In Central Asia this week, AP reported that stories posted on the Internet claiming high-level corruption, and calling for Uzbek President Islam Karimov to resign, prompted rare public debate in the tightly controlled Central Asian nation.
The reports alleged high-level drugs dealing and claimed that the government had staged terrorist attacks. The reports appeared earlier this month on websites based in neighbouring Russia and Kazakhstan.
Despite Internet access being cut off, allegedly by the government, the reports became instantly popular - passed around by e-mail, in print or by word of mouth. International observers believe that media freedom in this most heavily populated Central Asian state has not improved following the lifting of official pre-publication censorship in May last year.
In the ongoing campaign against alleged Islamic militants, a court in Uzbekistan sentenced eight Uzbek citizens captured in Pakistan and Afghanistan over the past year to various prison terms. The men were tried in September and October 2002 on charges of terrorism, religious extremism and anti-constitutional activity, and sentenced to prison terms ranging between 15 and 18 years.

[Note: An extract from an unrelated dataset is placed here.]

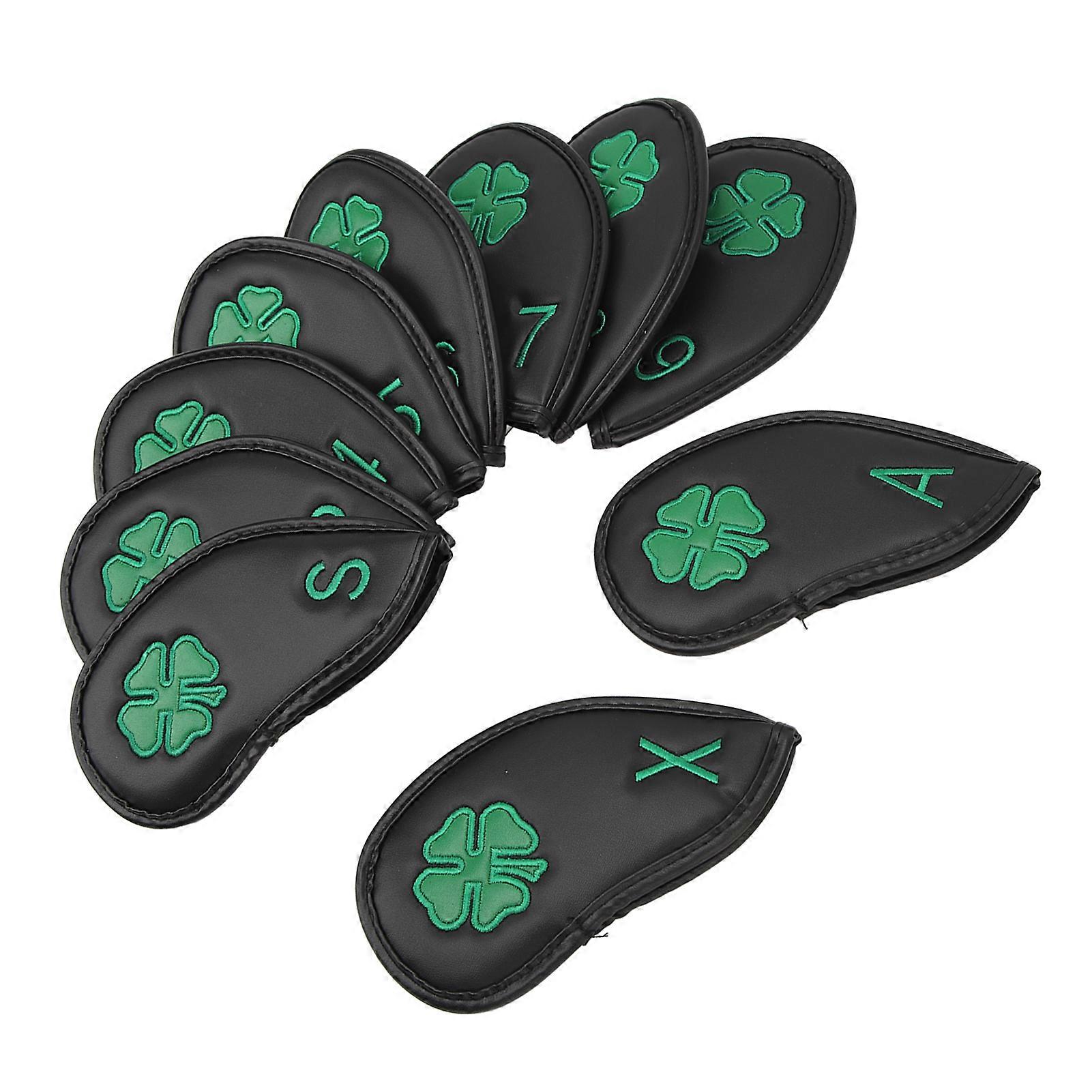 10 PCS Golf Club Head Covers Four Leaf Clover Pattern PU Waterproof Delicate Golf Iron Covers Set for Most Clubs Black

These militants were linked to the Islamic Movement of Uzbekistan (IMU), a banned radical opposition group. In 2000, the US government designated the IMU as a terrorist organisation; it was linked to Al-Qaeda and was considerably weakened during the anti-terrorism operations in Afghanistan, with its former leader, Juma Namangani, reportedly killed there.
The Uzbek government blamed the group for several border incursions over the past few years and a series of bomb blasts in the capital, Tashkent, in 1999.

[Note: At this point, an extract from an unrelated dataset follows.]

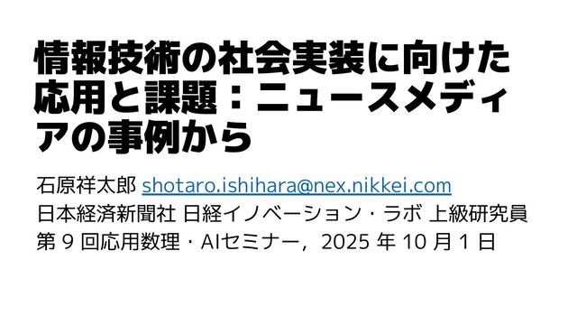 [6] 編集:記者を支援する枠組みを模索 20 [4] 石原祥太郎, 村田栄樹, 中間康文, 高橋寛武 (2024). 日本語ニュース記事要約支援に向けたドメイ ン特化事前学習済みモデルの構築と活用. 自然言語処理. [5] 岩本和真, 大村和正, 石原祥太郎 (2025). 人間が書いた文章を対象としたHallucination検出ベン チマークの構築と評価. 言語処理学会第31回年次大会発表論文集. [6] Kaito Majima, Shotaro Ishihara (2023). Generating News-Centric Crossword Puzzles As A Constraint Satisfaction and Optimization Problem. Proceedings of the CIKM 2023.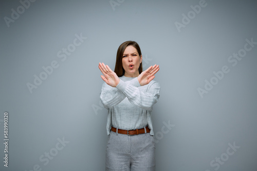 Woman gesturing stop with crossed hands. isolated female portrait.

In neighbouring Tajikistan, President Emomali Rahmonov carried out a major reshuffle over the weekend by firing two ministers, replacing the head of the county's legal system and dismissing numerous regional chiefs, AFP reported. Nusratullo Faizullov replaced Health Minister Alamkhon Akhmadov, while the communication minister Nurriddin Mukhiddinov was replaced by Said Zuvaidov.
Analysts believe the dismissals signal the start of a crackdown on corruption in the impoverished nation of six million. They further maintain that the changes reflect Rahmonov's concern to shore up his political position at the expense of opponents in the former Islamic opposition, with whom he has shared power since a 1997 peace treaty ended a five-year civil war.

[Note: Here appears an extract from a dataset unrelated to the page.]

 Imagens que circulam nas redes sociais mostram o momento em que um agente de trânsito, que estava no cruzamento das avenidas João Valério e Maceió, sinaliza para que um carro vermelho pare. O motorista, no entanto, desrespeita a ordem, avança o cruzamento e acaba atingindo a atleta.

Tajikistan is also promoting relations with the 15-member EU. With the EU's external affairs commissioner set to visit the country in February, President Rahmonov won French support for
improving bilateral relations and assistance last month after meeting President Jacques Chirac in Paris.
With the EU being an important source of bilateral aid to the mountainous Central Asian republic, Rahmonov will visit the Belgian capital, Brussels, for talks with EC President Romano Prodi.
In the run-up to Kyrgyzstan's constitutional referendum on 2 February, a team of legal experts have recommended that the government remove two clauses, which had drawn opposition anger, from a new draft, AP reported on Tuesday.
The team was set up under the orders of President Askar Akayev to review the clauses which would vest in the president the right of absolute veto on laws passed by parliament, as well as another clause which would block a citizen's right to appeal directly to the constitutional court.
Kyrgyzstan was praised in the mid-1990s as the most politically progressive country in Central Asia, but last year there were a number of bloody clashes between the government, opposition supporters and civic organisations, particularly in the south.
Meanwhile, the international media reported that a group of opposition parties in Kazakhstan had announced a new alliance to promote their candidates in upcoming local and parliamentary elections. The alliance was born following a new law on political parties last summer which raised minimum party membership from 3,000 to 50,000 - a condition, critics argue, which was aimed at neutralising the opposition.